The model call in the middle is one line of code. Everything else is the harness.
This is true for every coding agent you've used:
| Agent | What it adds on top of the raw API |
|---|---|
| Claude Code | CLAUDE.md hierarchy, hooks, slash commands, MCP integration, session-resume |
| Cursor | tab autocomplete, edit-application diff UI, multi-file context, codebase index |
| Aider | git-aware context, repo map, in-place edit-application |
| Continue | VS Code integration, custom rules, multi-provider routing |
| Cline | step-by-step plan mode, terminal integration, browser automation |
| Codex CLI | AGENTS.md hierarchy, sandboxed execution, MCP support |
All of them, underneath, are the same four layers wrapped around a
messages.create (or equivalent).
Why "harness" is the right name
The word comes from machine learning research — a "test harness" runs models against fixed inputs to measure outputs. The agent sense is similar: code that wraps a model so it can DO things, not just describe them.
The narrower term "agent" usually means the loop (chapter 16). A harness is the loop PLUS the input prep, output rendering, tool registry, configuration, and observability layers. Loop is a function. Harness is a product.
What this lesson is NOT
- Not a tutorial on which harness to install.
- Not a deep dive on Cursor/Aider/Claude Code internals.
- Not a guide to building a competitive product harness.
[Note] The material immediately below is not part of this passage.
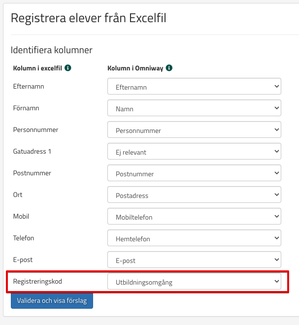 Kolumnen i excelfilen som innehåller Registreringskoden för utbildningsomgången heter med fördel Utbildningsomgång. I bildexemplet ovan heter kolumnen i excelen Registreringskod. Då behöver ni välja att den ska mappas mot utbildningsomgång.
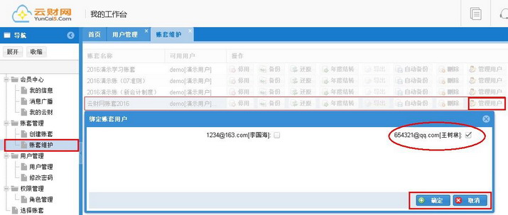 【我的工作台--账套维护】 → 选择要分配给“王树林”做账的账套[云财网账套2016] → 点击【管理用户】按钮 → 在弹出的选择页面 → 选择上“王树林” → 点击【确定】。

What it IS: the four layers that show up in every harness, the language to talk about them, and the four bugs that show up when those layers are mis-built.
What you'll build
A minimal harness in <70 lines: input prep + model call + output parsing + tool dispatch, wired through with a deterministic mock model so it runs in Pyodide. Then bug fixes for the two most common harness bugs: missing retries (transient errors crash the loop) and hardcoded tool registry (can't add tools without editing the loop).
The harness you'll build is the harness underneath every product you've used. Once you've built it once, you can read any harness's source and recognize the same shape inside.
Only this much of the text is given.